How to Get Journalism Grants, New York Times Starts Tumbling, AOL Fires Freelancers


For today’s media roundup, we have some breaking news from AOL, who has decided to let their freelance writers go. Also in media employment news, a paper in Daytona Beach has decided to encourage the staff to pick up some sales duties. For those journos working the independent angle, we also have tips on how to get journalism grants and an analysis of how to engage your audiences as online publishers.

It’s all the news fit to blog at Ebyline’s Daily Dose:

IT’S OFFICIAL: AOL Fires Freelancers

A couple of weeks ago, AOL threw its freelance journalists into purgatory: They were supposed to sit tight and wait to hear from their editors on their roles in the post-merger Huffington Post Media Group. The freelancers, naturally, assumed that this meant they were about to get canned. And this suspicion, it appears, was correct.”

Daytona Beach paper rewards journalists for selling ads, subscriptions

“Daytona Beach News-Journal publisher Michael Redding has a deal for journalists and other staffers: Sell a three-month subscription to the paper and get a $25 bonus ($50 for a six-month subscription); sell $100 worth of advertising and get $50.”

The New York Times launches its first Tumblr blog

“More than eight months after media reporters first stumbled upon a URL that The New York Times had quietly registered with Tumblr, the paper of record has finally launched its inaugural editorial product on the influential blogging platform.”

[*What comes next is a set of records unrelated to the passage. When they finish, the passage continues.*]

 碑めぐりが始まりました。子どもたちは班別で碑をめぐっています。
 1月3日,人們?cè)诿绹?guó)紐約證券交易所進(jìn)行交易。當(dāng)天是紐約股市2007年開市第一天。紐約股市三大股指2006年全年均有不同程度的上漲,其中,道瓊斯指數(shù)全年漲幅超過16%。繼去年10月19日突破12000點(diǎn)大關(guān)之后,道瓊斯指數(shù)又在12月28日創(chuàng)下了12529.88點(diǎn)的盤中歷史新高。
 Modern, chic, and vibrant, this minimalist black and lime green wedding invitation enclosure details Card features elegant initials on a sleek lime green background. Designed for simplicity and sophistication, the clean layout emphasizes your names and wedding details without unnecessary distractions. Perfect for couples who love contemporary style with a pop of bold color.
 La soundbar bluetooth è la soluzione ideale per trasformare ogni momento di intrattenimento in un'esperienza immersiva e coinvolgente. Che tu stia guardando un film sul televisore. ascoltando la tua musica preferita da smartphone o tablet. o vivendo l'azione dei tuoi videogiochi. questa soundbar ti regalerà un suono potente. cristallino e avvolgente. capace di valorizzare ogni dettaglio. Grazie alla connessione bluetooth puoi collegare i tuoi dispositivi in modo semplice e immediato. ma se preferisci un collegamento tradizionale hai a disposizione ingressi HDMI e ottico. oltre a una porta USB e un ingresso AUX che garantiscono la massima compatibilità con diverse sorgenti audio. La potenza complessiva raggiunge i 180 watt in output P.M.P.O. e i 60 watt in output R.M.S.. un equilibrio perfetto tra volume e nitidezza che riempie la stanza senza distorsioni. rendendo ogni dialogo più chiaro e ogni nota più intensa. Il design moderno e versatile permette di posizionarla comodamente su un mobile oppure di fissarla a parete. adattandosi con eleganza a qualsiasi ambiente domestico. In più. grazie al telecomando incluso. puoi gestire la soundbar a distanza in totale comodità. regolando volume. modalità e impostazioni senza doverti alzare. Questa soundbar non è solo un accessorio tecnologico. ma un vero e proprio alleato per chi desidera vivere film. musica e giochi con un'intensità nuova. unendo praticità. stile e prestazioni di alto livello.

Make ‘engagement’ your mantra as an online news publisher

“The Web publishing business is a bit more complex than “more traffic = more revenue.” While years have watching ABC circulation figures have trained many journalists to want the largest circulation possible, business-savvy journalists long have known that not all audiences generate the same revenue. But how do you reach the audience that will allow your publication to stay in business?”

Getting Started: Tips for funders on journalism and media grant making

““We don’t do media grants. Certainly not journalism grants.” For decades, that’s what you heard from many foundation leaders in the United States. But today, that’s changing, as the digital age upends traditional media economics, tossing roughly 15,000 American journalists out of work in the past few years. We might call them media grants, journalism grants or community information grants. Regardless of their name, community and other place-based foundations are doing more of these grants.”